溪姬虽然冲动狂妄,但也并非草包。她听了颖姬的话后觉得颇有道理,于是心不甘情不愿地对祁烟北欠身行了礼,然后随着颖姬一同退下了。
祁烟北一人站在牡丹花旁,想着府中突然多了两个侍妾,心中没来由地生气。
姐姐一死,那个混账东西倒是左娶一个右娶一个,把那个苦命的女子全都抛到脑后去了!
这叫她怎能不恨?怎能不恼?
“王妃?”白雪见祁烟北盯着牡丹花发愣,便喊了她一句。
祁烟北眼睛眨了眨,悠悠地问:“白雪,你看这牡丹花开在这里是不是不太妥当?它旁边都是成簇的带刺玫瑰,娇艳欲滴。就只有它颜色寡淡,花大招摇。所有的玫瑰都瞧它不顺眼,它也只能兀自开着,没有选择。

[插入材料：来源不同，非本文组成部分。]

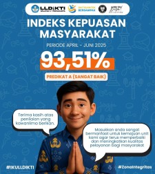 Bersama ini dengan hormat kami sampaikan hasil pengukuran Indeks Kepuasan Masyarakat LLDIKTI Wilayah V Tahun 2025 Triwulan I Periode Januari - Maret.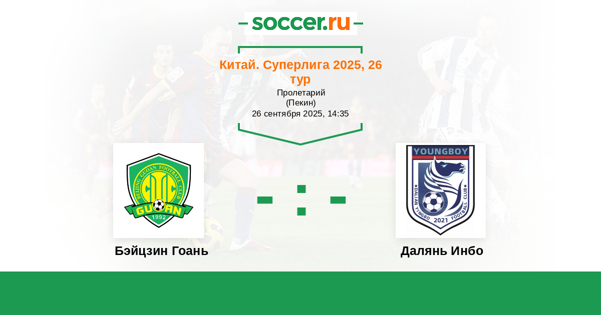 Протокол матча Бэйцзин Гоань против Далянь Инбо

”
白雪知道主子这话意有所指,但她并不能为主子解忧,于是只能在一旁静静陪着,直到天色逐渐暗了下来。
今夜,沐烨再次去了溪姬房内。
就在溪姬使出浑身解数,觉得沐烨已经在她的掌控之中时,她终于觉得此刻就是最好的时机。于是一边伸出芊芊玉手在男人身上游走着,一边把自己今天在花园里遇见祁烟北的事说与他听。
当然,她省去了自己的过错,而是添油加醋地说了祁烟北很多不对。
沐烨听后,猛地一把抓住溪姬的手,双眸紧紧锁住她的眼睛,眼神凌厉得像两把刀子。
溪姬从未见王爷用这样的眼神望过她,只觉得心里不安,但还是大着胆子说道:“王爷,你、你都弄疼我了?”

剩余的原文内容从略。